- [TRY IT]: Only the text carries over: repeat the records exactly and drop the images.

[Items listed in a dataset]
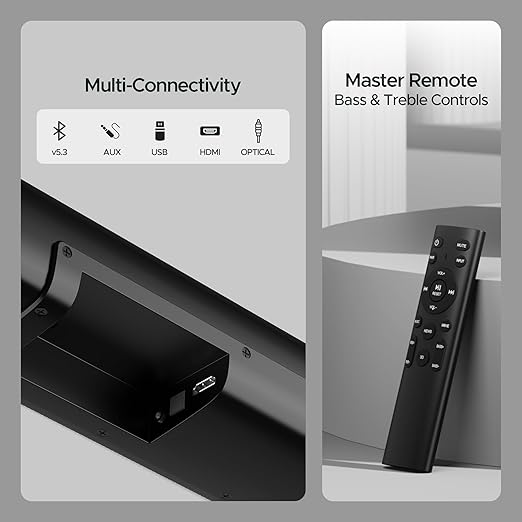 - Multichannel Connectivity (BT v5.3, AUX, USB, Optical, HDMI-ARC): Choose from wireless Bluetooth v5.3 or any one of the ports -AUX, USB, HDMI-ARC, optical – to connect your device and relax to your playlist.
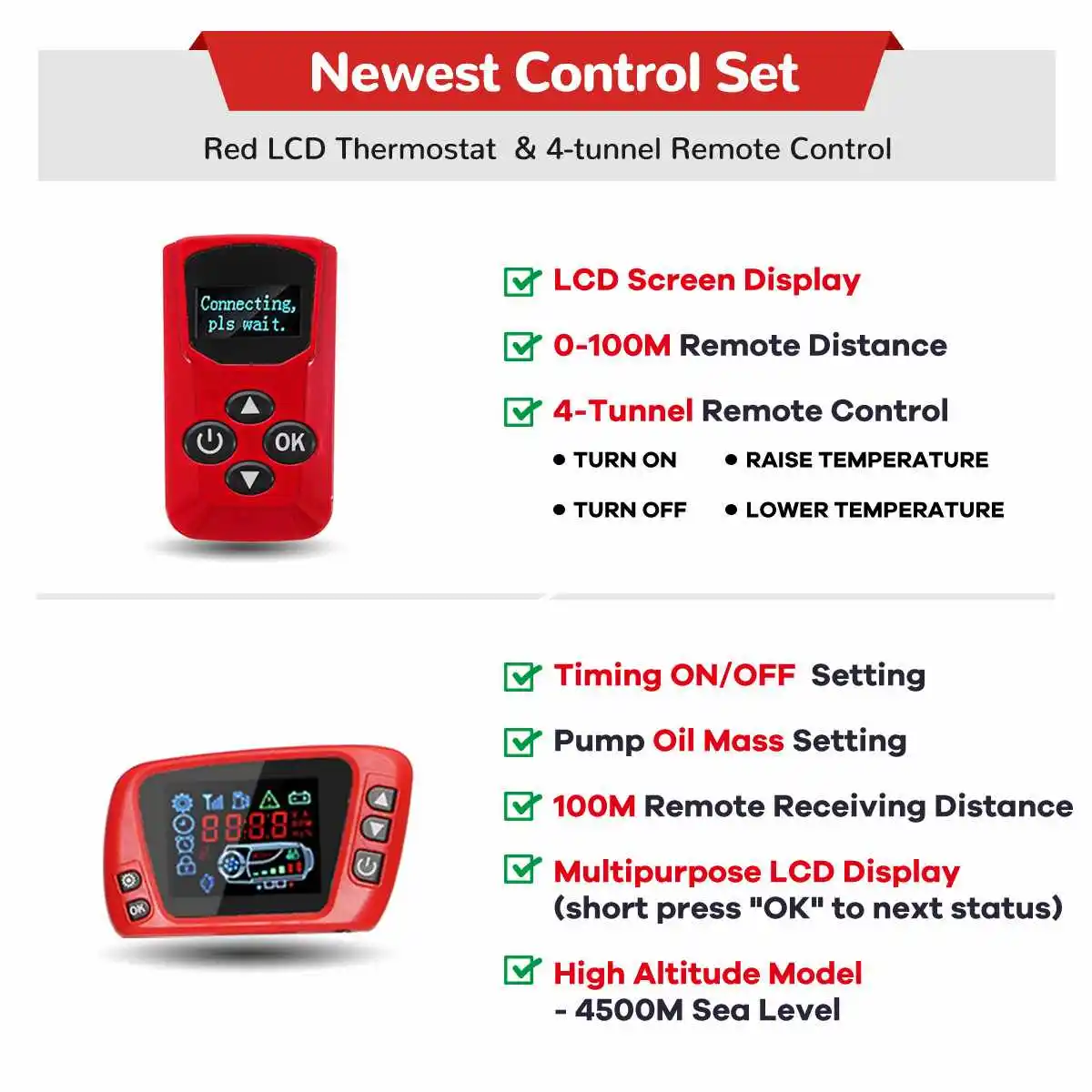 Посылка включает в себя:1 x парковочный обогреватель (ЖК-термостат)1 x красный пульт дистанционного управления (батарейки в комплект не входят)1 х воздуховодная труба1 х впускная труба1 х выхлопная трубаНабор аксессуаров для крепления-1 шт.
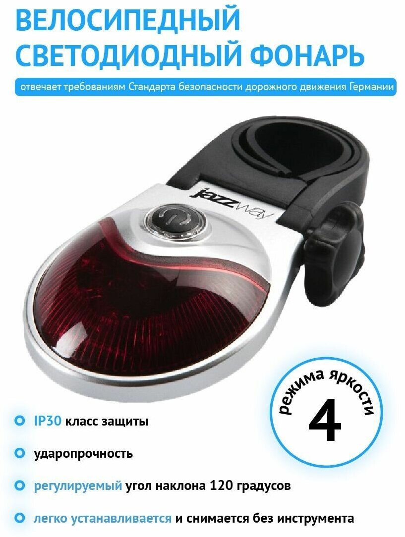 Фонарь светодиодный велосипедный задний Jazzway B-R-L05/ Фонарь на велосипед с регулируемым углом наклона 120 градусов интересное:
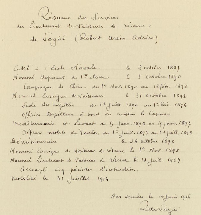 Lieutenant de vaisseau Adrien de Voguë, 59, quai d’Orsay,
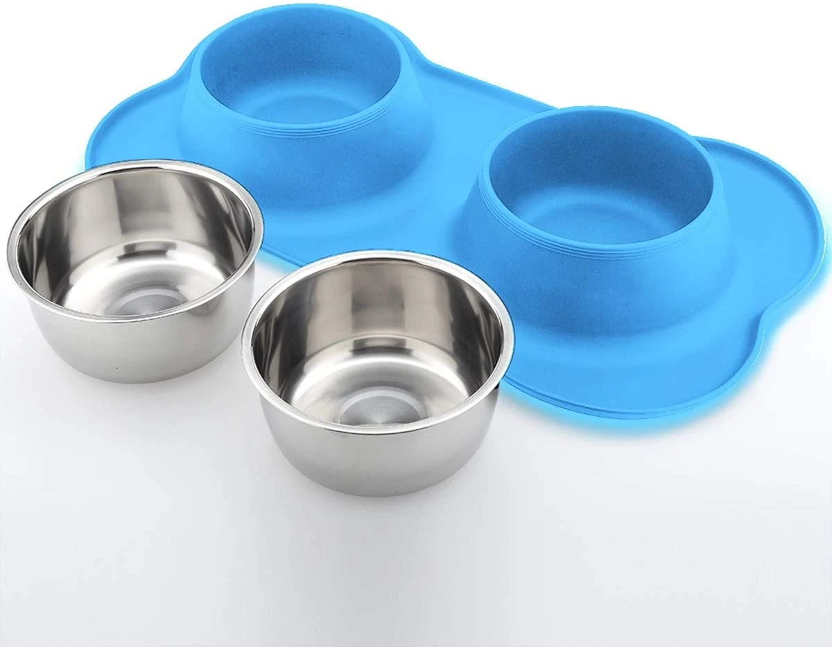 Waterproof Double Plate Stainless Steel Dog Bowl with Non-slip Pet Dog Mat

- [RESPONSE TO THE TASK]:
 - Multichannel Connectivity (BT v5.3, AUX, USB, Optical, HDMI-ARC): Choose from wireless Bluetooth v5.3 or any one of the ports -AUX, USB, HDMI-ARC, optical – to connect your device and relax to your playlist.
 Посылка включает в себя:1 x парковочный обогреватель (ЖК-термостат)1 x красный пульт дистанционного управления (батарейки в комплект не входят)1 х воздуховодная труба1 х впускная труба1 х выхлопная трубаНабор аксессуаров для крепления-1 шт.
 Фонарь светодиодный велосипедный задний Jazzway B-R-L05/ Фонарь на велосипед с регулируемым углом наклона 120 градусов интересное:
 Lieutenant de vaisseau Adrien de Voguë, 59, quai d’Orsay,
 Waterproof Double Plate Stainless Steel Dog Bowl with Non-slip Pet Dog Mat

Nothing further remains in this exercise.